Он стоял у калитки. Тощий, в куртке не по размеру, с брезентовой сумкой через плечо. Я увидела его из окна, когда ставила чугунок на загнетку, и руки сами опустились.
Тринадцать лет. Мальчишка ещё.
Письмо от Лизкиной соседки пришло десять дней назад. Читала его при керосинке, хотя давно провели электричество, — не хотела яркого света. «Лиза ушла из жизни скоротечно, воспаление лёгких. Парнишка один остался. Отец его ещё три года назад разбился, вы, может, слыхали. Ехать Мишке некуда, родни нет, окромя вас».
Окромя меня.
Я сложила письмо вчетверо и убрала за божницу, к старым квитанциям и похоронке на отца. Два дня не отвечала. На третий написала коротко: пусть приезжает.

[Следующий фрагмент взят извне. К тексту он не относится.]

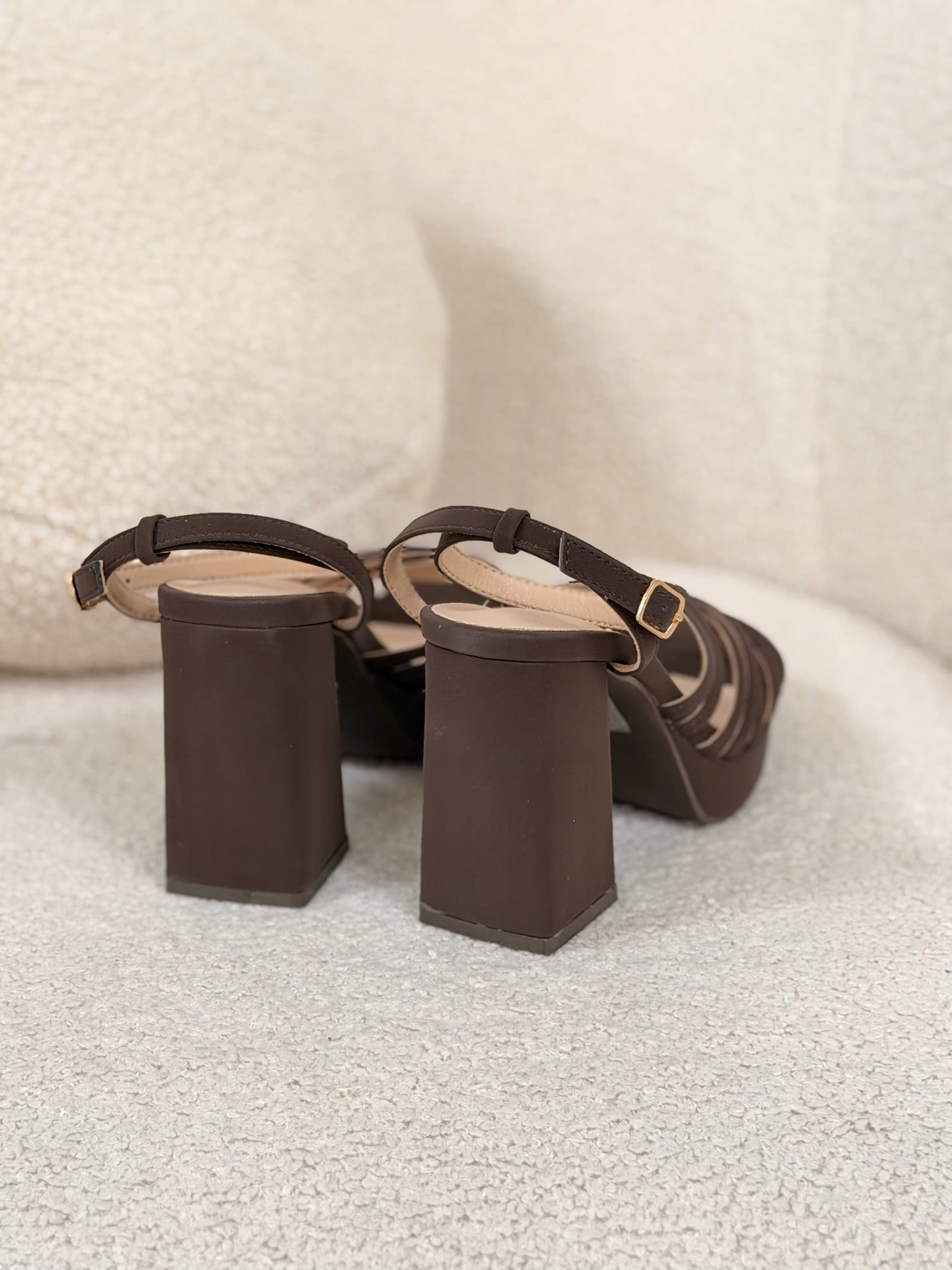 Sandalia de tacón ancho en color marrón

А что мне было писать? Что я двадцать лет не видела сестру и не хотела видеть? Что от одного её имени до сих пор что-то сжимается под рёбрами — не боль уже, а тень боли, привычная, как шрам на ладони от старого серпа?
Но мальчишка-то при чём.
Я вытерла руки о передник и пошла открывать.
***
Он был на Лизку похож. Это я увидела сразу — и рот тот же, и брови вразлёт, и манера смотреть исподлобья, будто заранее ждёт подвоха. Только глаза другие. Светлые, серые. Видно, отцовские.
— Здравствуйте, — сказал он и сглотнул. — Я Миша. Мамин... вашей сестры сын.

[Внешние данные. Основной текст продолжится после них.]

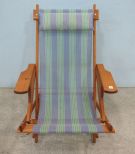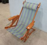 Fold out wood lounge chair, blue nylon seat and head cushion. Fold out wood lounge chair, blue nylon seat and head cushion.
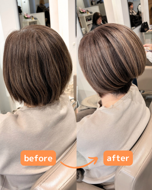 全体に自然な明るさとツヤが出て、重く見えやすい髪も軽やかな印象に。

Сбился. Покраснел. Сумка сползла с плеча, он дёрнул её обратно неловким движением.
— Знаю, кто ты, — ответила я. — Заходи.
В сенях он снял старые ботинки и остался в носках. Носки были штопаные, один на пятке светлел свежей заплатой. Значит, сам штопал. Или Лизка перед уходом успела. От этой мысли я отвернулась, будто от сквозняка.
— Садись к столу. Щи будешь?
— Спасибо. Если можно.
Он сел на край лавки, сумку поставил к ногам, руки положил на колени. Сидел прямо, не разваливался. Смотрел в стол.

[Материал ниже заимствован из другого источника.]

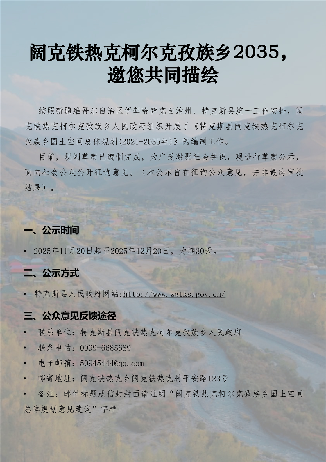 《特克斯县阔克铁热克柯尔克孜族乡国土空间总体规划》公示稿
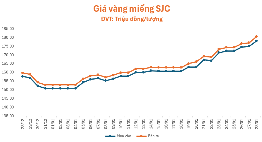 Phiên giao dịch sáng nay (28/01), lúc 09 giờ, giá vàng miếng ở hầu hết các cửa hàng lớn như SJC, Doji và PNJ đều duy trì đà tăng, niêm yết ở mức 178,1 – 180,6 triệu đồng/lượng (mua – bán), tăng 3,1 triệu đồng/lượng ở chiều mua và tăng 3,6 triệu đồng/lượng ở chiều bán so với sáng hôm qua, chênh lệch hai chiều duy trì ở ngưỡng 2 triệu đồng/lượng.

Я налила щей в глубокую миску, отрезала хлеба. Поставила перед ним.
— Ешь.
Он ел медленно, аккуратно. Не чавкал, не хлебал. Ложку держал правильно. Это меня почему-то задело — сама не знаю, чего ждала. Что он будет хватать руками, как беспризорник? Что заговорит Лизкиным голосом, Лизкиными словами?
Молчал. Доел. Сказал «спасибо» и снова уставился в стол.
— Устал с дороги? — спросила я, потому что надо было что-то сказать.
— Немного.
— Ляжешь в горнице, на сундуке. Постелю сейчас.
Он кивнул.
Я ушла за перегородку, достала старое ватное одеяло, пахнущее нафталином. Когда вернулась, он всё так же сидел — руки на коленях, глаза в пол.
— Чего сидишь? Иди ляг.
Он встал, забрал сумку и пошёл за мной.
***
Первые дни мы почти не разговаривали. Я уходила на ферму затемно — доярки нужны всегда, коровы не ждут, а когда возвращалась, он уже был во дворе. То дрова перекладывал, то забор подправлял — я ещё с весны собиралась, да руки не доходили.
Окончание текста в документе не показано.